**WHAT IS BEING ASKED:** Transcribe the data exactly, omitting whatever pictures it holds.

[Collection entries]
* * * * *
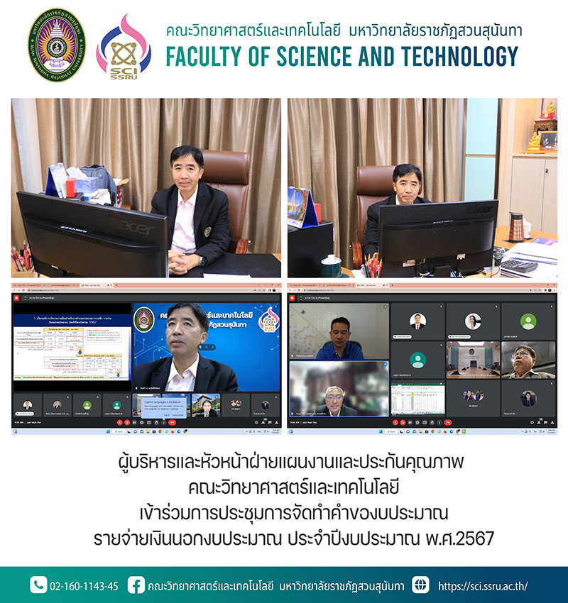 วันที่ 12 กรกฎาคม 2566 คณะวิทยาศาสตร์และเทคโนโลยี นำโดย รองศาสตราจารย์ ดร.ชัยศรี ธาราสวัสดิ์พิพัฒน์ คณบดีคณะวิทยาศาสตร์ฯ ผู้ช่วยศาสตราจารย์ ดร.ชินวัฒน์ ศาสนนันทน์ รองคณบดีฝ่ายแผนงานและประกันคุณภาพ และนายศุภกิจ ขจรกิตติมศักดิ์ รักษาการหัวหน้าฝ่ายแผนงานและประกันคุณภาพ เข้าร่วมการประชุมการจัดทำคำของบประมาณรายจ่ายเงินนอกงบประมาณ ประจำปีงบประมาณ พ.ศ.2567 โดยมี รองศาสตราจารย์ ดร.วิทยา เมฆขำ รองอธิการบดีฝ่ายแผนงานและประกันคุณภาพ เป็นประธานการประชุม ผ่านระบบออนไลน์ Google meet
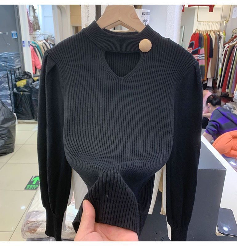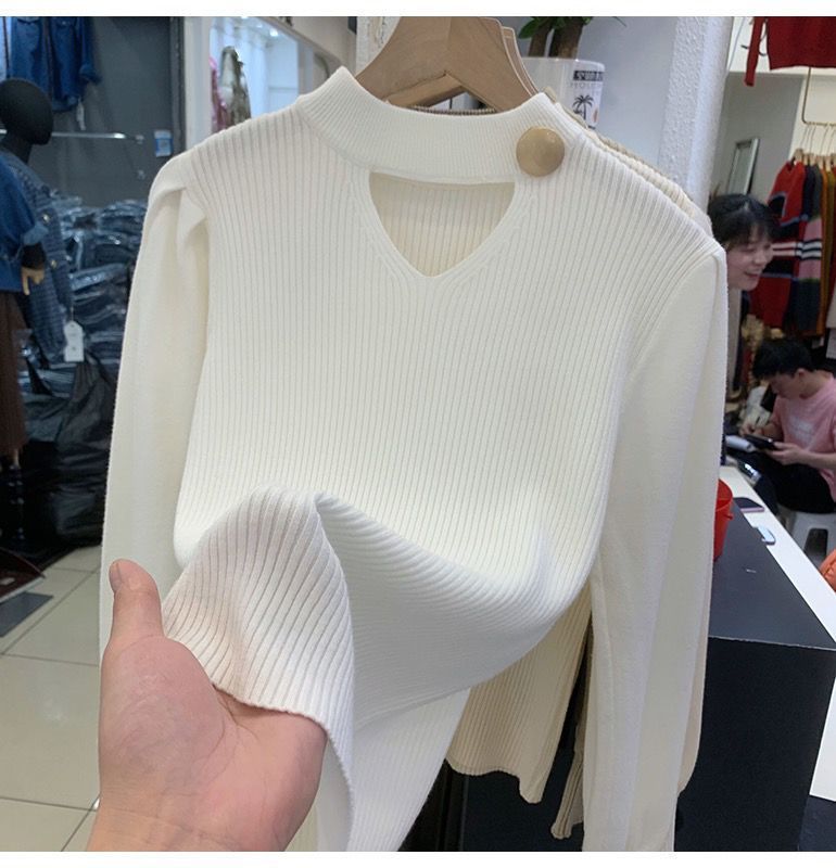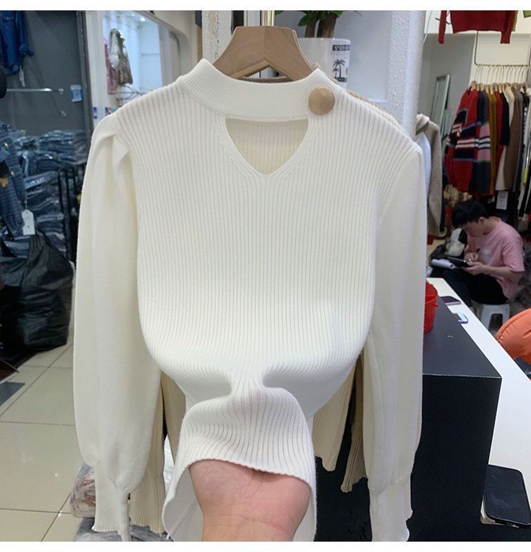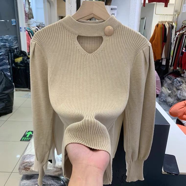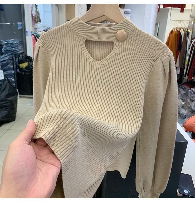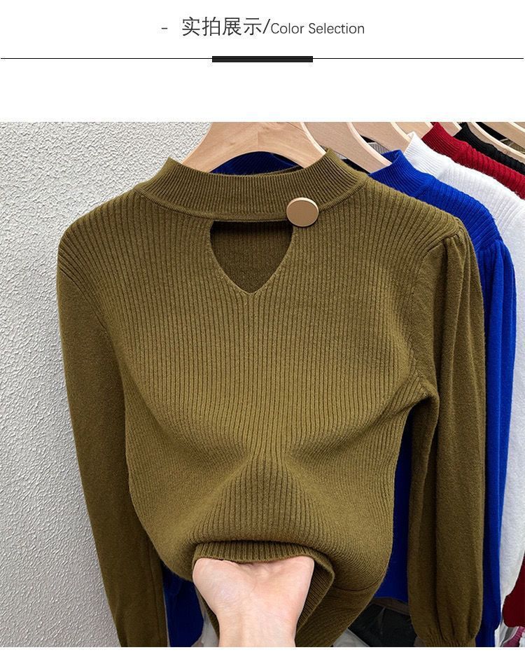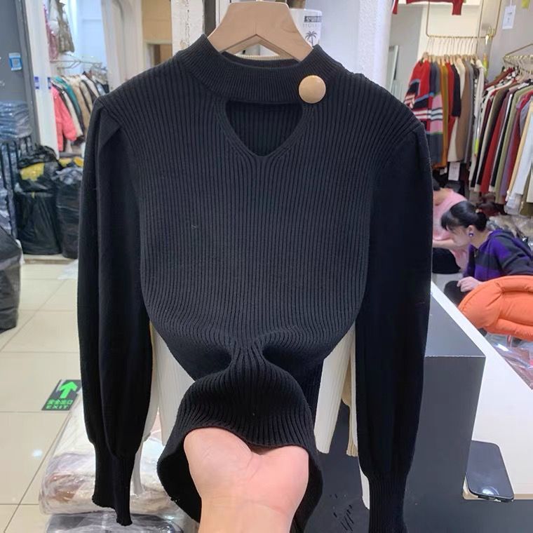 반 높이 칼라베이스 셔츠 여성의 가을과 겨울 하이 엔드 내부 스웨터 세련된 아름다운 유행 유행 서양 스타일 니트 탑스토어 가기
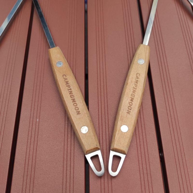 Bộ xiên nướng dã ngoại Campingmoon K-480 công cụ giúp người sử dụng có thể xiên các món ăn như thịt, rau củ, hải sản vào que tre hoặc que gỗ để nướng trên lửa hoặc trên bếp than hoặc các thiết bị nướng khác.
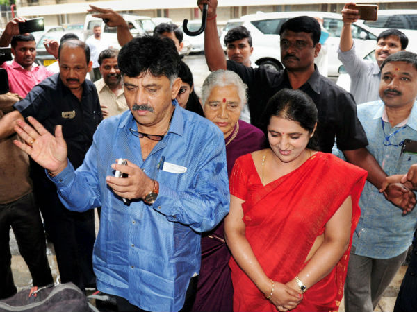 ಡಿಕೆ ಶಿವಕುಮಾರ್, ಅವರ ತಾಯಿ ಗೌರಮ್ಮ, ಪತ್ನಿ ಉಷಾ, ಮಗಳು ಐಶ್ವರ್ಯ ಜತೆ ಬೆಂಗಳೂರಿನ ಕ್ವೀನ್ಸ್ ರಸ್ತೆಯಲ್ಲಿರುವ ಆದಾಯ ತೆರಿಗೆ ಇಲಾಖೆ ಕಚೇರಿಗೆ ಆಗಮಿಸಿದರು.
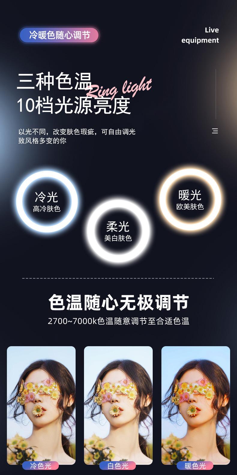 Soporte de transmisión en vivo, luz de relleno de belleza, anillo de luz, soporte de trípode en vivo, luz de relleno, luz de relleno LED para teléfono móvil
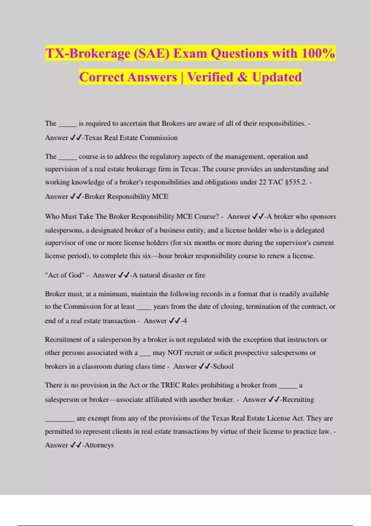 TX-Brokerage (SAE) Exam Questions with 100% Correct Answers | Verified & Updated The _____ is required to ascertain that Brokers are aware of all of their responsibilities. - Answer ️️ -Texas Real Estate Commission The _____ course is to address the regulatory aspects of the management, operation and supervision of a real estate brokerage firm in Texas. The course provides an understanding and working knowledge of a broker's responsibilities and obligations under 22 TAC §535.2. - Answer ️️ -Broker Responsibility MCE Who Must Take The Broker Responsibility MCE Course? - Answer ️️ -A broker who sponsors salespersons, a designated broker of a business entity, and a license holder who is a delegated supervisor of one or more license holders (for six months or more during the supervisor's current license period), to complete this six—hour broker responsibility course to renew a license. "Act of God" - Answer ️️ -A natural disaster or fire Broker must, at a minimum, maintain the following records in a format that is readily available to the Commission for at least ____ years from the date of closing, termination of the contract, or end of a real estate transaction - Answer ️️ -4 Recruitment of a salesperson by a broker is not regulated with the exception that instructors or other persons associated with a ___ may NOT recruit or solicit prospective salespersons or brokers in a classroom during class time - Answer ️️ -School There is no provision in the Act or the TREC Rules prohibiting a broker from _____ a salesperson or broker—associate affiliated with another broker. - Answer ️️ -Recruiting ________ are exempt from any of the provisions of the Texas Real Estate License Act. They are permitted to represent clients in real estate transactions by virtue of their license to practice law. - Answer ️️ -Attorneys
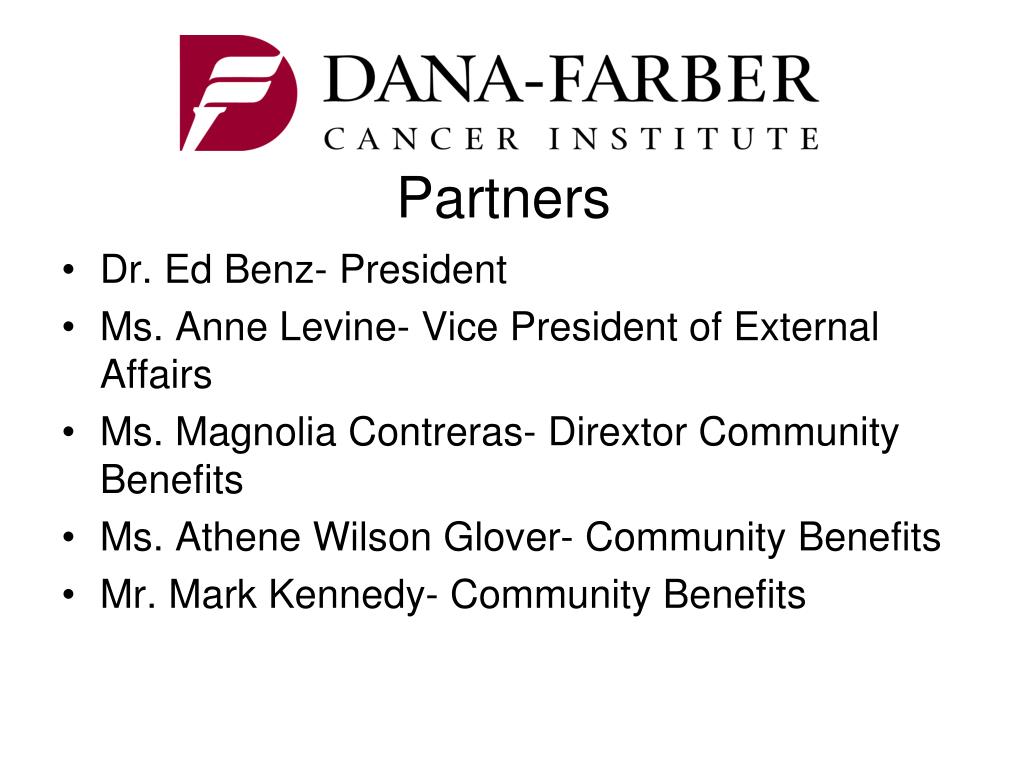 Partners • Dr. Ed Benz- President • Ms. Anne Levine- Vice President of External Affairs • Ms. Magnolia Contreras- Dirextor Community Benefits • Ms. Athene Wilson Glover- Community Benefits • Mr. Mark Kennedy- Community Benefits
* * * * *
**SOLVED PROBLEM:**
 วันที่ 12 กรกฎาคม 2566 คณะวิทยาศาสตร์และเทคโนโลยี นำโดย รองศาสตราจารย์ ดร.ชัยศรี ธาราสวัสดิ์พิพัฒน์ คณบดีคณะวิทยาศาสตร์ฯ ผู้ช่วยศาสตราจารย์ ดร.ชินวัฒน์ ศาสนนันทน์ รองคณบดีฝ่ายแผนงานและประกันคุณภาพ และนายศุภกิจ ขจรกิตติมศักดิ์ รักษาการหัวหน้าฝ่ายแผนงานและประกันคุณภาพ เข้าร่วมการประชุมการจัดทำคำของบประมาณรายจ่ายเงินนอกงบประมาณ ประจำปีงบประมาณ พ.ศ.2567 โดยมี รองศาสตราจารย์ ดร.วิทยา เมฆขำ รองอธิการบดีฝ่ายแผนงานและประกันคุณภาพ เป็นประธานการประชุม ผ่านระบบออนไลน์ Google meet
 반 높이 칼라베이스 셔츠 여성의 가을과 겨울 하이 엔드 내부 스웨터 세련된 아름다운 유행 유행 서양 스타일 니트 탑스토어 가기
 Bộ xiên nướng dã ngoại Campingmoon K-480 công cụ giúp người sử dụng có thể xiên các món ăn như thịt, rau củ, hải sản vào que tre hoặc que gỗ để nướng trên lửa hoặc trên bếp than hoặc các thiết bị nướng khác.
 ಡಿಕೆ ಶಿವಕುಮಾರ್, ಅವರ ತಾಯಿ ಗೌರಮ್ಮ, ಪತ್ನಿ ಉಷಾ, ಮಗಳು ಐಶ್ವರ್ಯ ಜತೆ ಬೆಂಗಳೂರಿನ ಕ್ವೀನ್ಸ್ ರಸ್ತೆಯಲ್ಲಿರುವ ಆದಾಯ ತೆರಿಗೆ ಇಲಾಖೆ ಕಚೇರಿಗೆ ಆಗಮಿಸಿದರು.
 Soporte de transmisión en vivo, luz de relleno de belleza, anillo de luz, soporte de trípode en vivo, luz de relleno, luz de relleno LED para teléfono móvil
 TX-Brokerage (SAE) Exam Questions with 100% Correct Answers | Verified & Updated The _____ is required to ascertain that Brokers are aware of all of their responsibilities. - Answer ️️ -Texas Real Estate Commission The _____ course is to address the regulatory aspects of the management, operation and supervision of a real estate brokerage firm in Texas. The course provides an understanding and working knowledge of a broker's responsibilities and obligations under 22 TAC §535.2. - Answer ️️ -Broker Responsibility MCE Who Must Take The Broker Responsibility MCE Course? - Answer ️️ -A broker who sponsors salespersons, a designated broker of a business entity, and a license holder who is a delegated supervisor of one or more license holders (for six months or more during the supervisor's current license period), to complete this six—hour broker responsibility course to renew a license. "Act of God" - Answer ️️ -A natural disaster or fire Broker must, at a minimum, maintain the following records in a format that is readily available to the Commission for at least ____ years from the date of closing, termination of the contract, or end of a real estate transaction - Answer ️️ -4 Recruitment of a salesperson by a broker is not regulated with the exception that instructors or other persons associated with a ___ may NOT recruit or solicit prospective salespersons or brokers in a classroom during class time - Answer ️️ -School There is no provision in the Act or the TREC Rules prohibiting a broker from _____ a salesperson or broker—associate affiliated with another broker. - Answer ️️ -Recruiting ________ are exempt from any of the provisions of the Texas Real Estate License Act. They are permitted to represent clients in real estate transactions by virtue of their license to practice law. - Answer ️️ -Attorneys
 Partners • Dr. Ed Benz- President • Ms. Anne Levine- Vice President of External Affairs • Ms. Magnolia Contreras- Dirextor Community Benefits • Ms. Athene Wilson Glover- Community Benefits • Mr. Mark Kennedy- Community Benefits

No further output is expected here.